All the reform's critics point to the anti-democratic way it's being advanced. The proposal to abolish the ILA and created the authority was included the Economic Arrangements Law for 2009. There was no public debate on the merits of the idea and no alternatives were examined.

The result will be an authority lacking any representative of the public. It will consist only representatives of the ministries and two representatives from the Jewish National Fund (Keren Kayemet). The Environmental Affairs Ministry demands that it have a representative in the authority's management council as well, but no such representative is mentioned in the government resolution. The ministry hopes that this problem will be rectified in the final draft of the Economic Arrangements Law.

Recently, claims have been bruited about that business elements in the real estate market were the ones who designed the reform, and dictated it to government, in the hope of harvesting the fruits of privatization. Dov Khenin hinted as much at the conference, and noted that unlike other sections of the Economic Arrangements Law - this one was highly detailed. Its sheer thoroughness gave rise to the suspicion that the content had been prepared in advance by parties with vested interests.

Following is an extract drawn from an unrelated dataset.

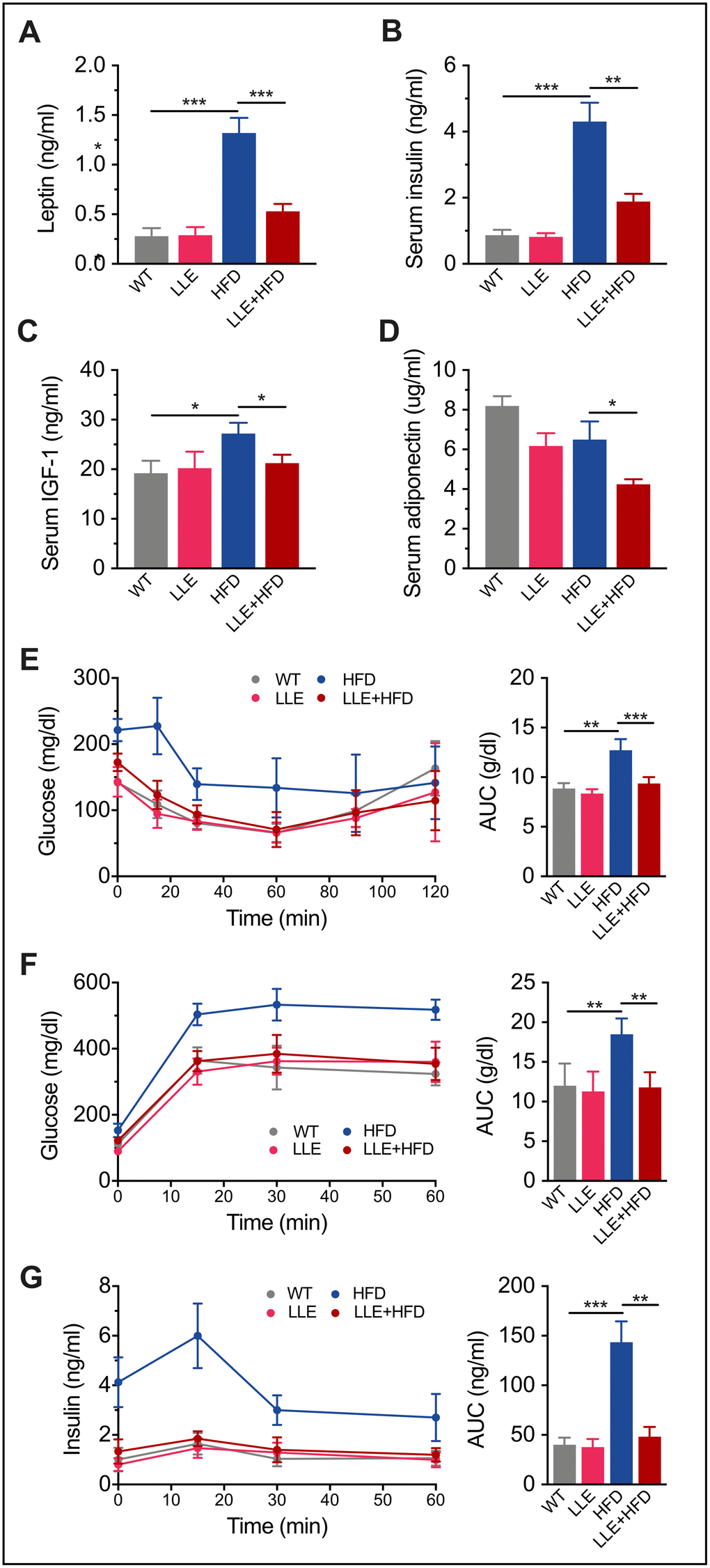 In humans, high-calorie diets cause numerous pathological conditions including obesity, cardiovascular disease, non-alcoholic fatty liver disease and diabetes. High levels of leptin in the HFD mice and increased plasma glucose, insulin and IGF-1 in the serum indicated leptin resistance and insulin resistance, suggesting the onset of diabetes (Table 1, Figure 5A–5C). In the HFD+LLE group, the levels of the same makers were significantly lower, comparable to those in the WT mice (Table 1, Figure 5A–5C), suggesting increased insulin sensitivity by ethanol. Moreover, the oral glucose tolerance test (OGTT) and insulin tolerance test (ITT) showed that the insulin sensitivity of the LLE + HFD mice was normal and considerably better than that of the HFD mice (Figure 5E–5G). These metabolic benefits of ethanol may be attributable to the activation of AMPK, a metabolic regulator that promotes insulin sensitivity and fatty acid oxidation. Surprisingly, the level of adiponectin was found to be the lowest in the LLE+HFD group (Figure 5D), against our initial expectations, considering its insulin-sensitizing properties. However, a recent report suggests that adiponectin deficiency may also rescue high fat diet-induced hepatic injury [27], leaving the role of adiponectin in this process to be further explored.

"[The reform] is, in my opinion - a clever move kept shrouded in fog to hide the real intentions underlying it," Khenin hinted broadly at the conference.

Feitelson obliquely concurred, warning that the new authority would be a convenient platform for broad government corruption.

"All it would take is to bribe one entity at the top. There's no area more vulnerable to corruption than land," Feitelson warned. "A single administrative decision can make a man rich. For example, rezoning land. Without a mechanism of checks and balances, it's a wide-open door."